Work request => Output every record exactly and leave each picture out.

Records to process =>
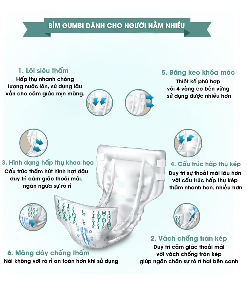 GumBi dòng tã bỉm người già với mặt bông Organic với thiết kế tinh sảo dựa theo cấu trúc cơ thể là sự lựa chọn hàng đầu của người tiêu dùng.
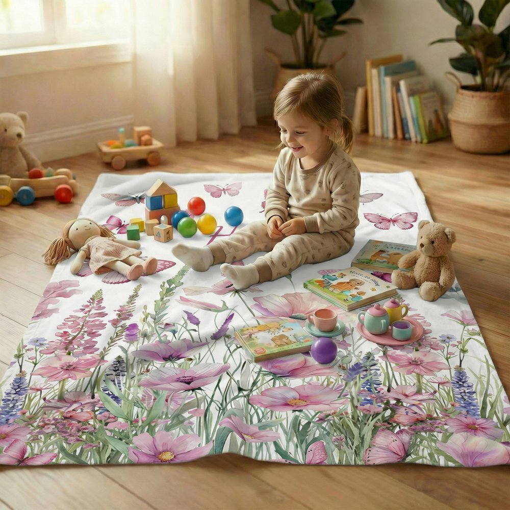 Its soft white base features a watercolour border of pink and purple wildflowers, with delicate butterflies fluttering above. The custom name is printed in a gentle pink font at the centre, creating a cohesive, whimsical look that feels like a watercolour painting come to life. The design blends nature-inspired charm with personalization, resulting in a blanket that’s both cozy and full of magical warmth.
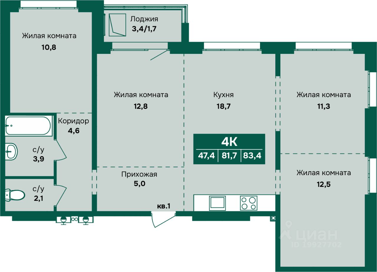 Общая площадь83,4 м2
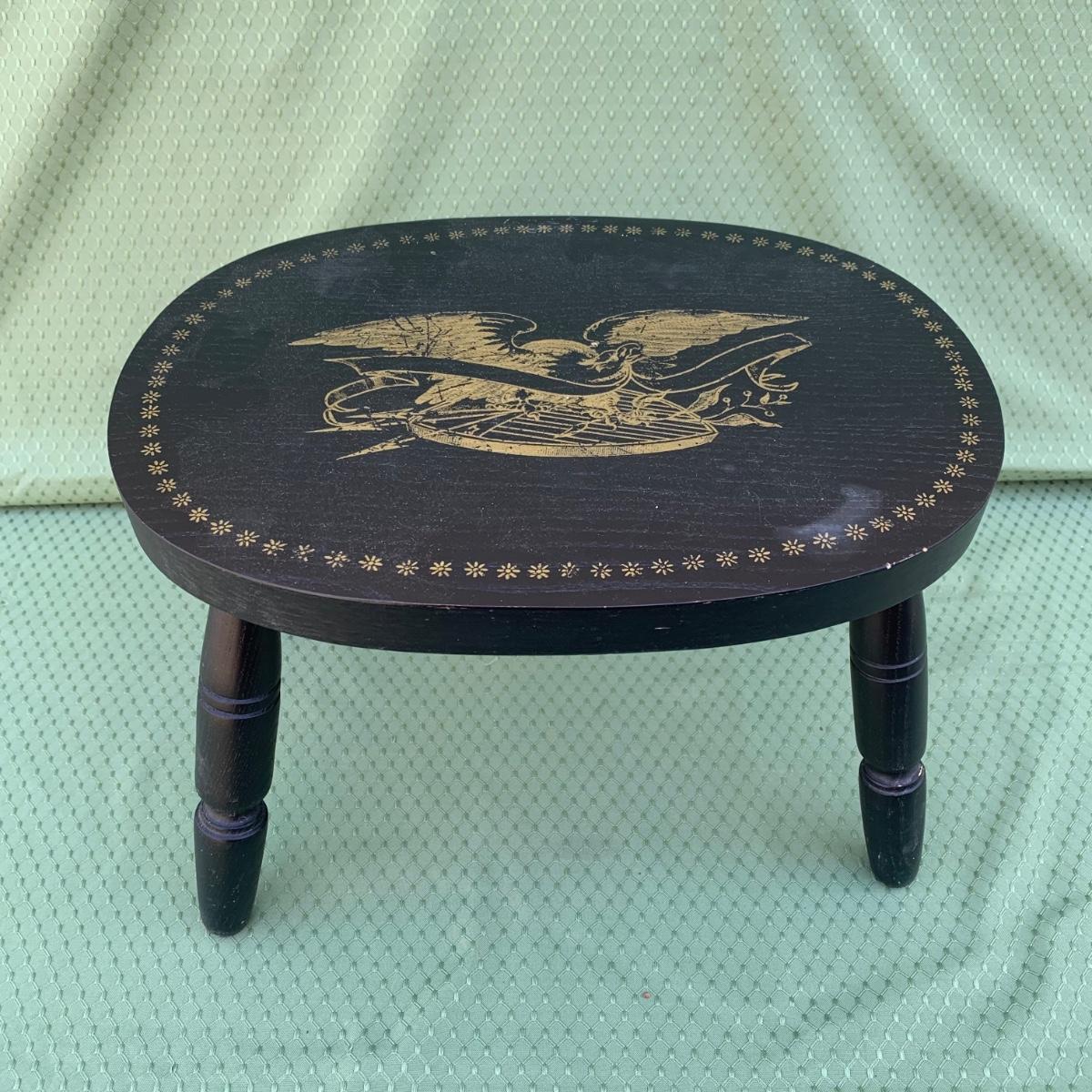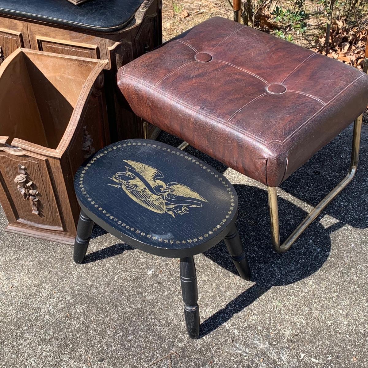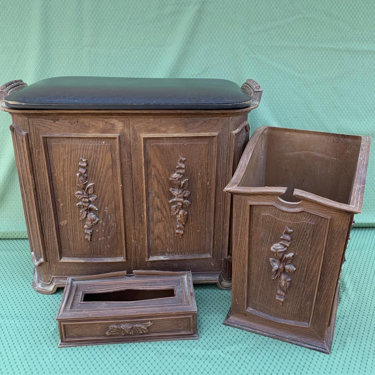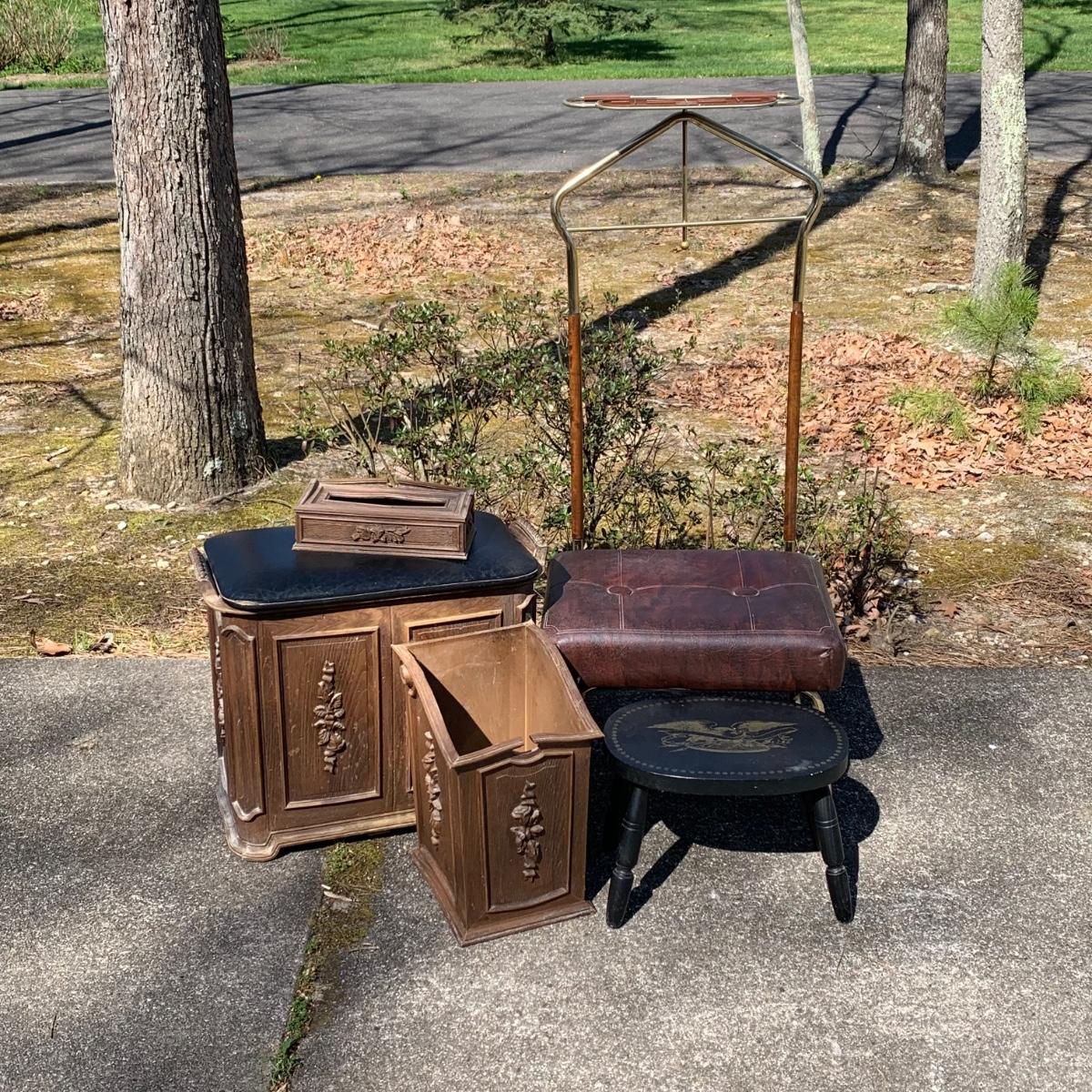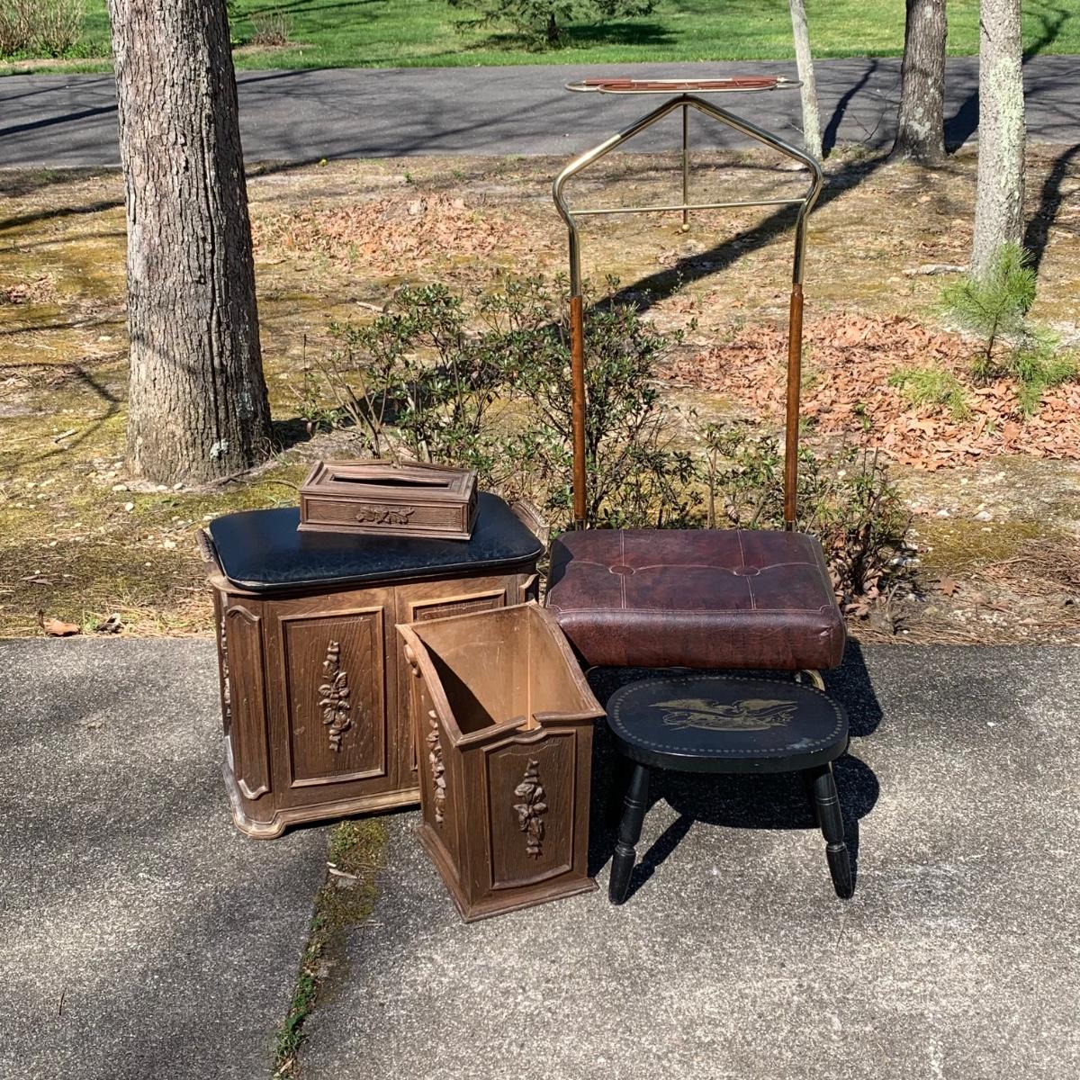 LOT 89: Vintage Black Step Stool, MCM Valet Stand/Butlers Seat & Wood-like Plastic Bathroom Accessories
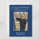 Dunkelblauer Abschluss Foto Ankündigungskarten. Dieses einfache Design wurde für den Abschluss eines Sohnes entworfen und bietet ein Portrait-Foto mit "Herzlichen Glückwunsch" mit Namen und Klassenjahr an der Spitze. Ein dünner schwarzer Rahmen umgibt sein Foto. Eine weitere hellgraue Textvorlage am unteren Rand ist für den Schulnamen und den Schulort. Das Gegenteil ist massiv blau. Kaufen Sie als gedruckte Karte, oder Download, oder beides.
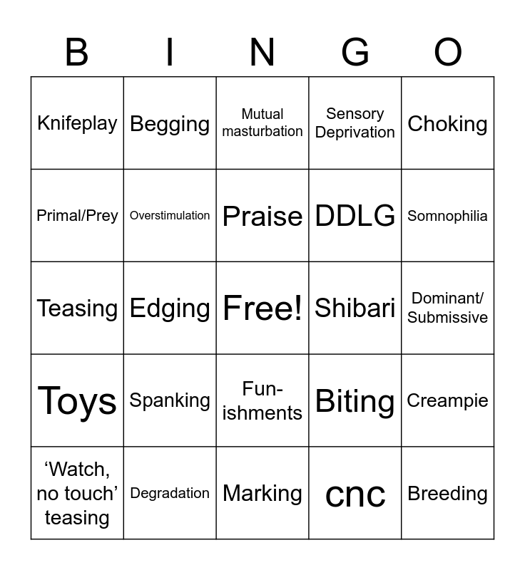 This bingo card has a free space and 24 words: Spanking, Degradation, Praise, ‘Watch, no touch’ teasing, Choking, Knifeplay, Primal/Prey, Begging, Shibari, Fun-ishments, DDLG, Teasing, Biting, Creampie, Overstimulation, cnc, Dominant/ Submissive, Mutual masturbation, Somnophilia, Edging, Breeding, Toys, Sensory Deprivation and Marking.
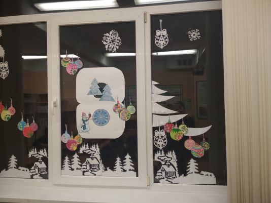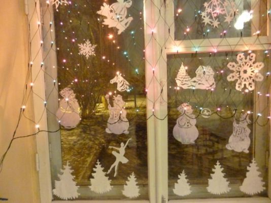 Photos de la décoration des fenêtres de la classe pour la nouvelle année pour l'inspiration et des idées originales:
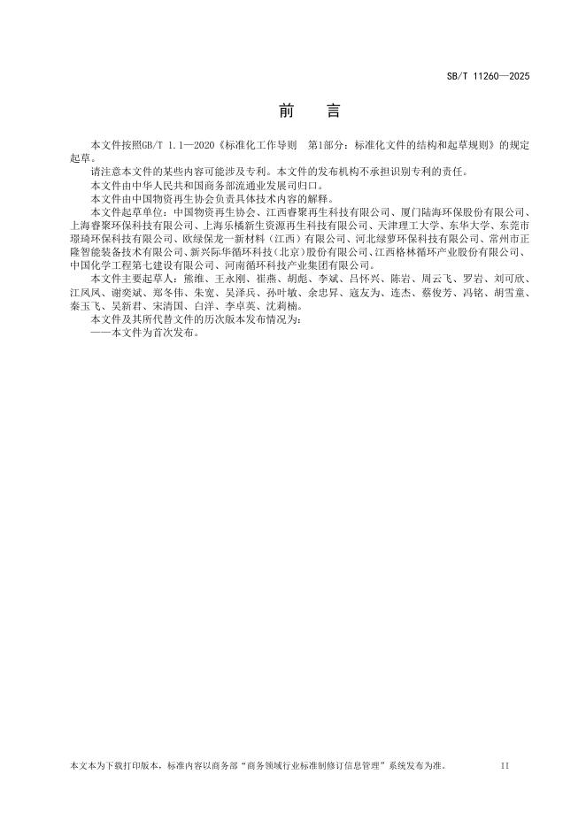 中国物资再生协会、江西睿聚再生科技有限公司、厦门陆海环保股份有限公司、上海睿聚环保科技有限公司、上海乐橘新生资源再生科技有限公司、天津理工大学、东华大学、东莞市璟琦环保科技有限公司、欧绿保龙一新材料(江西)有限公司、河北绿萝环保科技有限公司、常州市正隆智能装备技术有限公司、新兴际华循环科技(北京)股份有限公司、江西格林循环产业股份有限公司、中国化学工程第七建设有限公司、河南循环科技产业集团有限公司。
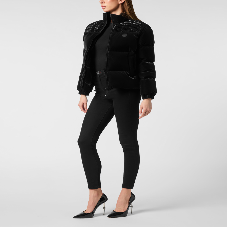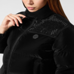 We put together sport and glam style in one garment that can perfectly express your own personality. Check out this high-shine padded nylon down jacket with defining details.
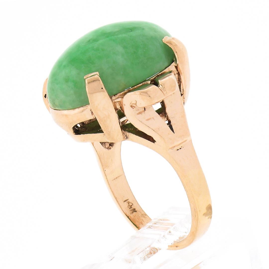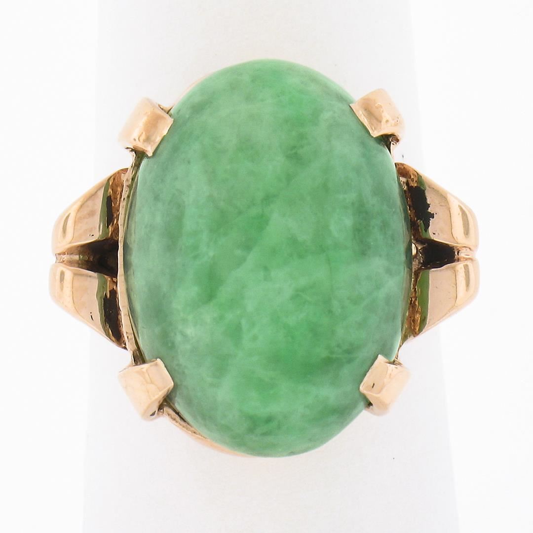 A vintage solid 14k yellow gold ring, with 1 oval cabochon cut natural mebled jade (17.9x13mm). The ring is size 6.0, weighs a total of 8.59 grams, and measures 17.9mm wide.

Result of the exercise =>
 GumBi dòng tã bỉm người già với mặt bông Organic với thiết kế tinh sảo dựa theo cấu trúc cơ thể là sự lựa chọn hàng đầu của người tiêu dùng.
 Its soft white base features a watercolour border of pink and purple wildflowers, with delicate butterflies fluttering above. The custom name is printed in a gentle pink font at the centre, creating a cohesive, whimsical look that feels like a watercolour painting come to life. The design blends nature-inspired charm with personalization, resulting in a blanket that’s both cozy and full of magical warmth.
 Общая площадь83,4 м2
 LOT 89: Vintage Black Step Stool, MCM Valet Stand/Butlers Seat & Wood-like Plastic Bathroom Accessories
 Dunkelblauer Abschluss Foto Ankündigungskarten. Dieses einfache Design wurde für den Abschluss eines Sohnes entworfen und bietet ein Portrait-Foto mit "Herzlichen Glückwunsch" mit Namen und Klassenjahr an der Spitze. Ein dünner schwarzer Rahmen umgibt sein Foto. Eine weitere hellgraue Textvorlage am unteren Rand ist für den Schulnamen und den Schulort. Das Gegenteil ist massiv blau. Kaufen Sie als gedruckte Karte, oder Download, oder beides.
 This bingo card has a free space and 24 words: Spanking, Degradation, Praise, ‘Watch, no touch’ teasing, Choking, Knifeplay, Primal/Prey, Begging, Shibari, Fun-ishments, DDLG, Teasing, Biting, Creampie, Overstimulation, cnc, Dominant/ Submissive, Mutual masturbation, Somnophilia, Edging, Breeding, Toys, Sensory Deprivation and Marking.
 Photos de la décoration des fenêtres de la classe pour la nouvelle année pour l'inspiration et des idées originales:
 中国物资再生协会、江西睿聚再生科技有限公司、厦门陆海环保股份有限公司、上海睿聚环保科技有限公司、上海乐橘新生资源再生科技有限公司、天津理工大学、东华大学、东莞市璟琦环保科技有限公司、欧绿保龙一新材料(江西)有限公司、河北绿萝环保科技有限公司、常州市正隆智能装备技术有限公司、新兴际华循环科技(北京)股份有限公司、江西格林循环产业股份有限公司、中国化学工程第七建设有限公司、河南循环科技产业集团有限公司。
 We put together sport and glam style in one garment that can perfectly express your own personality. Check out this high-shine padded nylon down jacket with defining details.
 A vintage solid 14k yellow gold ring, with 1 oval cabochon cut natural mebled jade (17.9x13mm). The ring is size 6.0, weighs a total of 8.59 grams, and measures 17.9mm wide.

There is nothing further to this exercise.